**What you will do**
Could you restate word for word the lines running from the one with "This illustration shows" to the end of the data, both ends included, but without pictures?

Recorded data
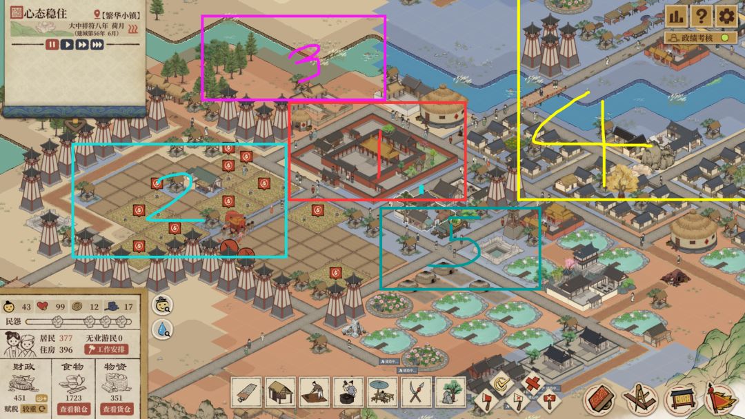 举个例子如下图,1是县衙,2是肥沃土地预设做农业区,4初期空间足做老居民区,后期可以过河(只需要建两个木桥)扩展空间,做新居民区,5脚店区(基本在农业和居民区之间),1245是初期就确定的,然后3空间小,前期建小粮仓小货仓,后期可以过河(只需要两个木桥)建大仓库;这样的话12345都基本确定了,其他的药铺、书院、募兵所等见缝插针、合理安排即可,另外后期2农田菜田一般不够,也要提前想好较近的有肥沃土地的地方修路搞新农业区
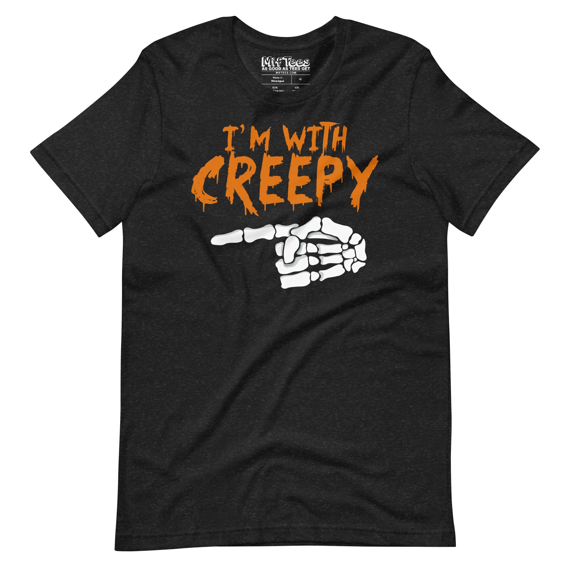 Let the world know you’re rolling with the creepy crowd this Halloween with this "I'm With Creepy" t-shirt! Featuring a skeleton hand pointing left and the words “I’m With Creepy,” this tee is perfect for pairing up with your spookiest friend. Got a creepy bestie or an entire crew of weirdos? Match this shirt with our other “I’m With Creepy” tee featuring a hand pointing right, so everyone knows who's causing the Halloween mischief. Whether you're going to a Halloween bash or trick-or-treating with your spooky squad, this tee is an easy and hilarious group costume.
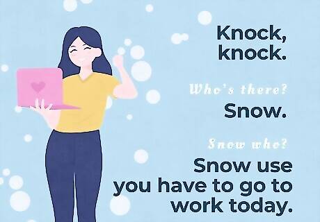 Have fun with a silly knock-knock joke. In general, knock-knock jokes are targeted at kids, but adults can enjoy them, too! A little wordplay can go a long way in brightening someone’s day on a dull Monday morning. Here are some examples: Knock, knock. Who’s there? Monday. GO AWAY. Knock, knock. Who’s there? Howard. Howard who? Howard you feel if you had to work today? Knock, knock. Who’s there? Donut. Donut who? Donut you dare hit the snooze button again. Knock, knock. Who’s there? Bean. Bean who? Bean awake for five minutes and I already need coffee. Knock, knock. Who’s there? Dewey. Dewey who? Dewey really have to go to work today? Knock, knock. Who’s there? Muffin. Muffin who? Muffin prepared me to face Monday. Knock, knock. Who’s there? Needle. Needle who? Needle little help to get through Monday. Knock, knock. Who’s there? Butter. Butter who? Butter get out of bed. Knock, knock. Who’s there? Justin. Justin who? Justin time for work if you hurry! Knock, knock. Who’s there? Anita. Anita who? Anita big cup of coffee right now. Knock, knock. Who’s there? Watt. Watt who? Watt do you mean it’s Monday? Knock, knock. Who’s there? Snow. Snow who? Snow use—you have to go to work today. Knock, knock. Who’s there? Terry. Terry who? Terrified of my inbox right now. Knock, knock. Who’s there? Weekend. Weekend who? Weekend believe it’s Monday either. Knock, knock. Who’s there? Heymon. Heymon who? Heymonday is here already!
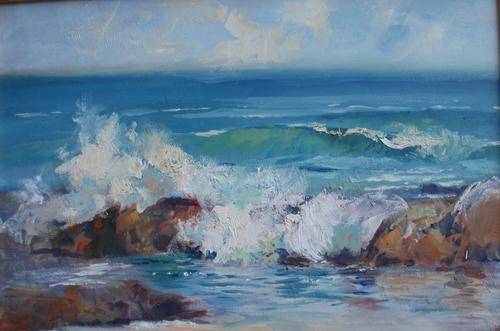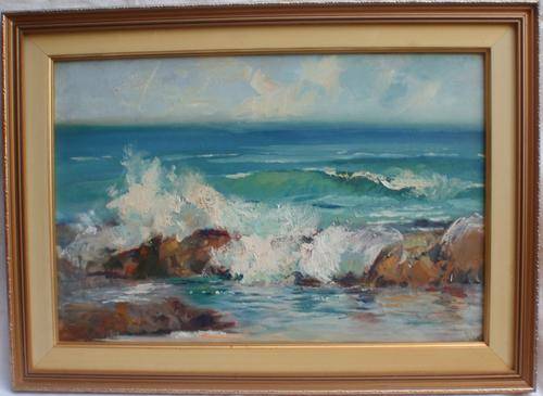 GORGEOUS ORIGINAL SEASCAPE BY ARTIST, MARY CLARK. PAINTED IN A LOVELY IMPRESSIONEST STYLE! FRAMED AND READY TO HANG. SIZE: 54CM X 39CM (THIS IS TOTAL SIZE WITH FRAME)
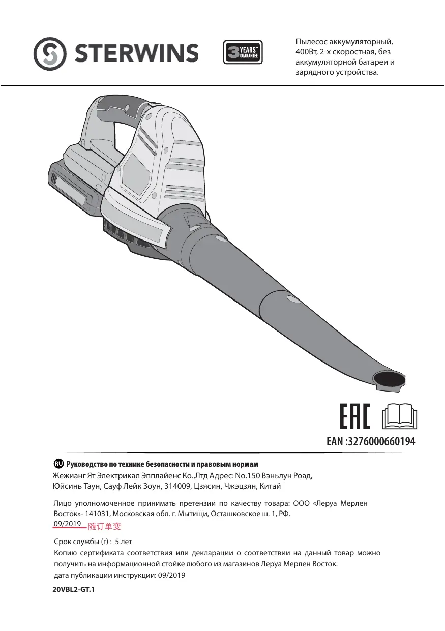 Скачайте инструкцию для вашего воздуходувка для листьев в формате PDF бесплатно! Найдите своё руководство UP20 - 20VBL2-GT.1 - STERWINS и возьмите своё электронное устройство обратно в руки. На этой странице опубликованы все документы, необходимые для использования вашего устройства. UP20 - 20VBL2-GT.1 бренда STERWINS.
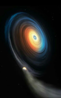 This illustration shows the white dwarf WDJ0914+1914 and its Neptune-like exoplanet. Since the icy giant orbits the hot white dwarf at close range, the extreme ultraviolet radiation from the star strips away the planet’s atmosphere. While most of this stripped gas escapes, some of it swirls into a disc, itself accreting onto the white dwarf.
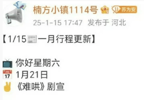有爆料称剧组要一块去录制1.21号的《你好星期六》

**Response to the task**
 This illustration shows the white dwarf WDJ0914+1914 and its Neptune-like exoplanet. Since the icy giant orbits the hot white dwarf at close range, the extreme ultraviolet radiation from the star strips away the planet’s atmosphere. While most of this stripped gas escapes, some of it swirls into a disc, itself accreting onto the white dwarf.
有爆料称剧组要一块去录制1.21号的《你好星期六》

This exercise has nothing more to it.